Policymakers will be wary of attempts by the pharma industry to pile new costs on to budget-constrained health systems. But Ms Silbermann says the economic benefits of vaccines easily outweigh their price. “The cost of diseases can be as high as 30-fold more than the cost of vaccination.”

Vaccine manufacturers hope these arguments will prevail at a time when governments and insurers are becoming more rigorous in judging the costs and benefits of health interventions.

Pricing remains a sensitive topic, however, especially in the developing world. Médecins Sans Frontières, the health charity, last month launched a challenge against Pfizer’s patent on Prevnar in a bid to allow Indian companies to produce the vaccine cheaper.

Ms Silbermann says Pfizer already provides Prevnar at a substantial discount through Gavi, the global alliance that supplies vaccines to low-income countries. But Manica Balasegaram, executive director of the MSF Access Campaign, says it could be produced in India for $6 per child, compared with Pfizer’s reduced $10 price. “To make sure children everywhere can be protected from deadly pneumonia, other companies need to enter the market,” he says.

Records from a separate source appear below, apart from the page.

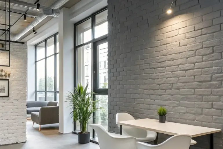 Giving interior brick walls a fresh coat can completely revamp your space and inject a new sense of style into your home. Whether you’re drawn to a warm, rustic feel or a polished, contemporary design, there’s an idea here to spark your next creative endeavor. Industrial with Raw Gray An urban loft showcasing industrial charm with its gray-washed brick wall. For an industrial feel, keep the brick raw and add a thin layer of gray…
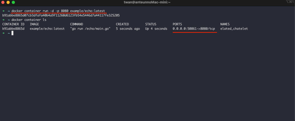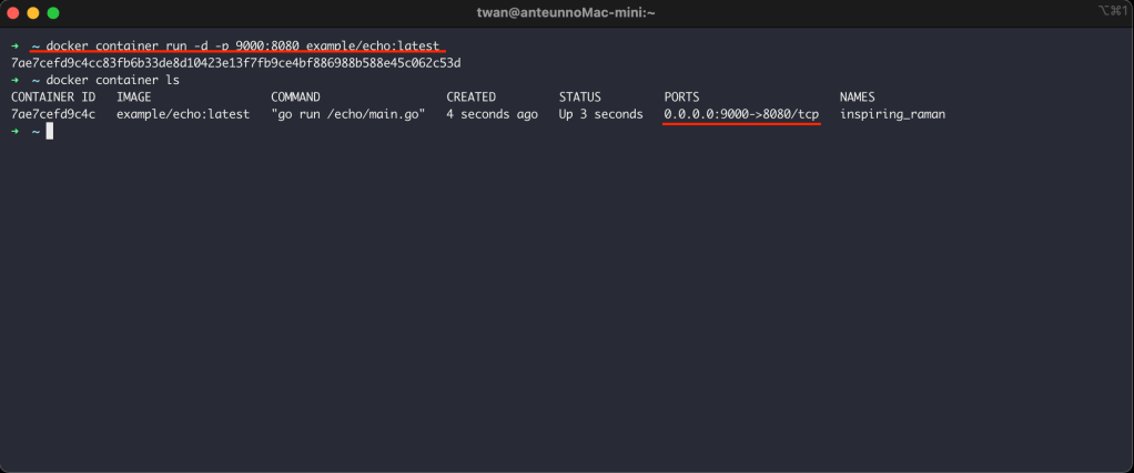 - 「9000(ホストポート):8080(コンテナポート)」のような形式で使います。
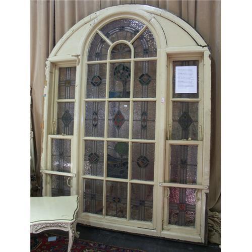 STAINED GLASS/ARCHITECTURAL REMNANT: Large scale stained glass window including several sliding smaller windows within the frame, woodwork painted beige. Approx. 74'' x 96''
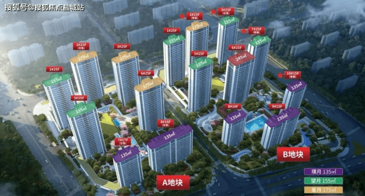基础数据:占地76亩,分AB地块,共16栋754户(A区7栋,B区9栋),总高16-25层,主要2梯2户和3梯2户设计,面积135-155-175-245平(245平毛坯,其余精装)
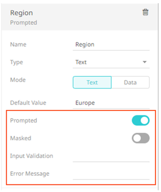 To prompt the parameter input when opening the workbook, tap the Prompted slider to turn it on. The dashboard parameter instance changes to allow specification of the following:
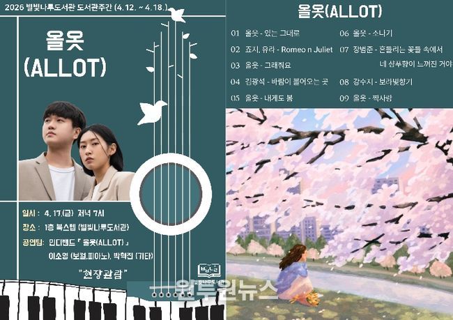 (원투원뉴스) 홍천군 별빛 나루 도서관은 2026년 도서관 주간(4.12.~4.18.)을 맞아 2인조 인디밴드 '올옷(ALLOT)'의 음악 공연을 선보인다.

Critics argue that consolidation in the industry has left too few companies, developing too few vaccines — and that those that do exist tend to be aimed at rich countries. GSK’s recent acquisition of Novartis’s vaccines business further narrowed the range of competitors.

But Thomas Breuer, chief medical officer at GSK Vaccines, says consolidation was necessary to produce a more efficient industry. He cites GSK’s newly approved malaria vaccine — the first against the disease — as proof that the remaining companies bring innovation to developing, as well as developed, countries.

Another example is Sanofi’s new vaccine for dengue fever, recently launched in the Philippines, for €20 a shot, in a public immunisation programme aimed at 1m children. “Sanofi has done well with dengue,” says Jayasree Iyer, executive director of Access to Medicines. “We’ve been telling them, ‘It is no good having a vaccine for dengue if you don’t have a plan to provide wide access’.”

Mr Charmeil says Sanofi must be allowed to make a return on the €1.5bn it invested in its dengue vaccine during 20 years of development, otherwise there would be no incentive for others to pursue similar breakthroughs. Pfizer makes the same argument about Prevnar, the latest iteration of which combines 13 separate vaccines and a batch of which takes two and a half years to produce.

Mr Charmeil says the complexity of vaccines, and the fact they are given to healthy individuals rather than to treat the sick, makes quality and reliability especially challenging. “The hurdles are a bit higher than in other parts of the pharma industry.”